Barclays American/Business Credit, Inc. v. Long (In Re Long)

44 B.R. 300, 1983 Bankr. LEXIS 4847
CourtUnited States Bankruptcy Court, D. Minnesota
DecidedDecember 14, 1983
Docket19-40617
StatusPublished
Cited by21 cases

This text of 44 B.R. 300 (Barclays American/Business Credit, Inc. v. Long (In Re Long)) is published on Counsel Stack Legal Research, covering United States Bankruptcy Court, D. Minnesota primary law. Counsel Stack provides free access to over 12 million legal documents including statutes, case law, regulations, and constitutions.

Bluebook
Barclays American/Business Credit, Inc. v. Long (In Re Long), 44 B.R. 300, 1983 Bankr. LEXIS 4847 (Minn. 1983).

Opinion

MEMORANDUM ORDER

ROBERT J. KRESSEL, Bankruptcy Judge.

The above-titled adversary proceeding seeking determination of the dischargeability of a debt under 11 U.S.C. Section 523 came on for trial before the Honorable Kenneth G. Owens on August 30, 1983.

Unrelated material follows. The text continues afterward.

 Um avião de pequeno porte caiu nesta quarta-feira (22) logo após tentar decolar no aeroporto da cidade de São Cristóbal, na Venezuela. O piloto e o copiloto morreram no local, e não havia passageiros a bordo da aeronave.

Due to the death of Judge Owens and pursuant to the written consent of the parties, this action is to be decided by the undersigned bankruptcy judge. The court, upon reviewing the transcripts of and exhibits presented at trial, the memoranda submitted by counsel, and all the records and files herein, makes the following findings of fact, conclusions of law, and order.

FINDINGS OF FACT

1. BABC, the successor in interest to Aetna Business Credit, Inc., (Aetna) commenced this action to bar the discharge of a debt under 11 U.S.C. Section 523 alleging:

(a) That defendant Long committed fraud and defalcation while acting in a fiduciary capacity in violation of 11 U.S.C. Section 523(a)(4).
*303 (b) That Long willfully and maliciously injured the property of BABC in violation of 11 U.S.C. Section 523(a)(6).
(c) That Long obtained money through an extention of credit by false pretenses, false representations, and actual fraud in violation of 11 U.S.C. Section 523(a)(2)(A).
(d) That Long obtained money through an extension of credit by the use of a materially false written statement respecting the debtor’s financial condition in violation of 11 U.S.C. Section 523(a)(2)(B).

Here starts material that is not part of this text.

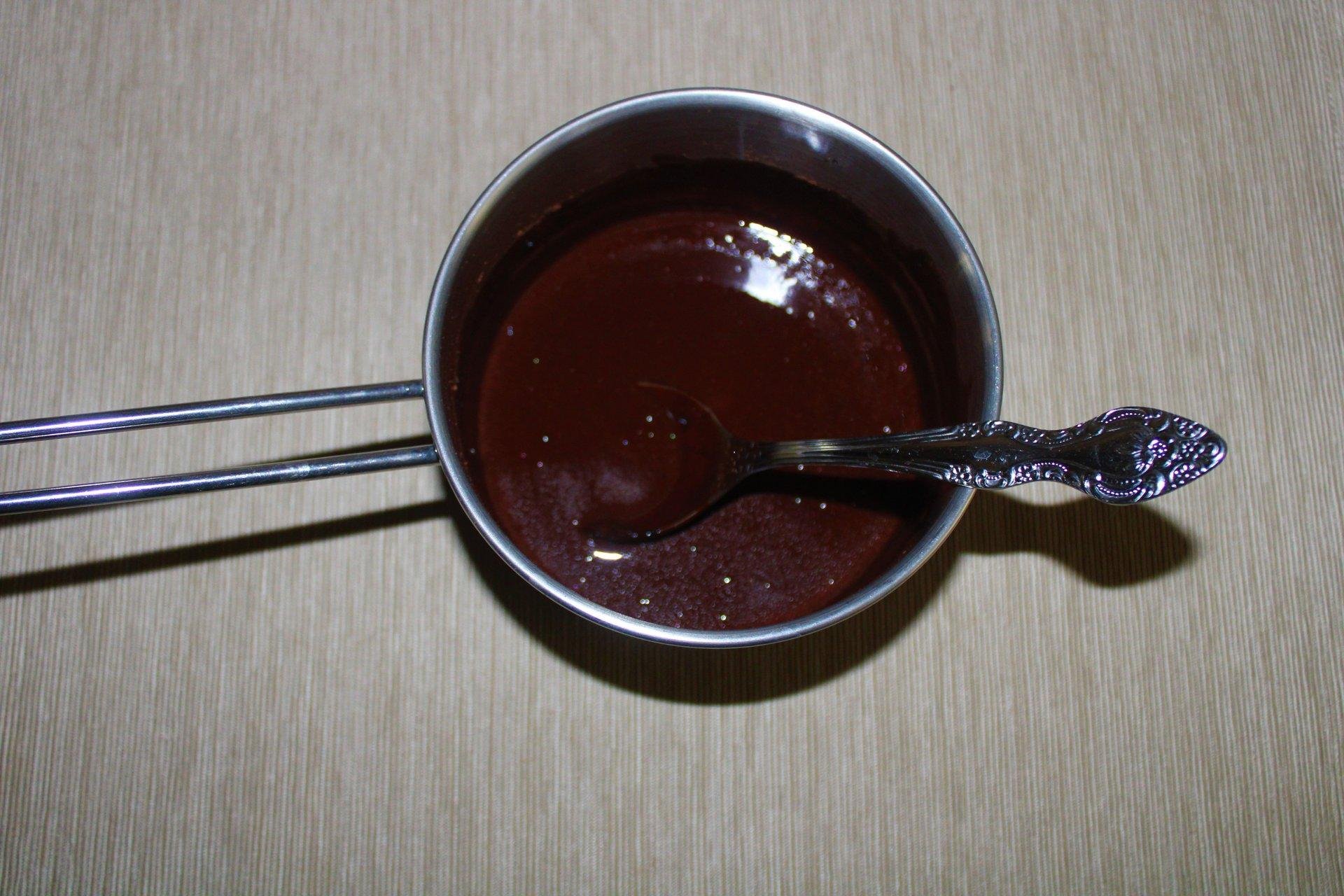 Остужаем шоколадную смесь и добавляем в нее 100 граммов размягченного сливочного масла.

2. Long acted as President of the A & C Johnson Co. (ACJ) from 1975 through July of 1982 and was an “insider” of ACJ under 11 U.S.C. Section 101(25) at all relevant times from December of 1979.

3. ACJ was a Wisconsin corporation engaged in the wholesaling of wallcoverings and home improvement products. ACJ was a closely held corporation, with 80% of its stock owned by J.H. Long, Inc. The defendant Long was the owner of J.H. Long, Inc.

4. On December 19, 1979, ACJ and Aet-na entered into an agreement whereby Aet-na was to provide financing to ACJ, and ACJ granted a security interest to Aetna in all ACJ’s inventory, accounts receivables, and proceeds thereof. BABC was the successor of Aetna to that agreement.

5. The December 1979 agreement essentially called for BABC to extend credit to ACJ, in the discretion of BABC, in an amount tied to a percentage of the. value of the inventory and accounts receivable of ACJ.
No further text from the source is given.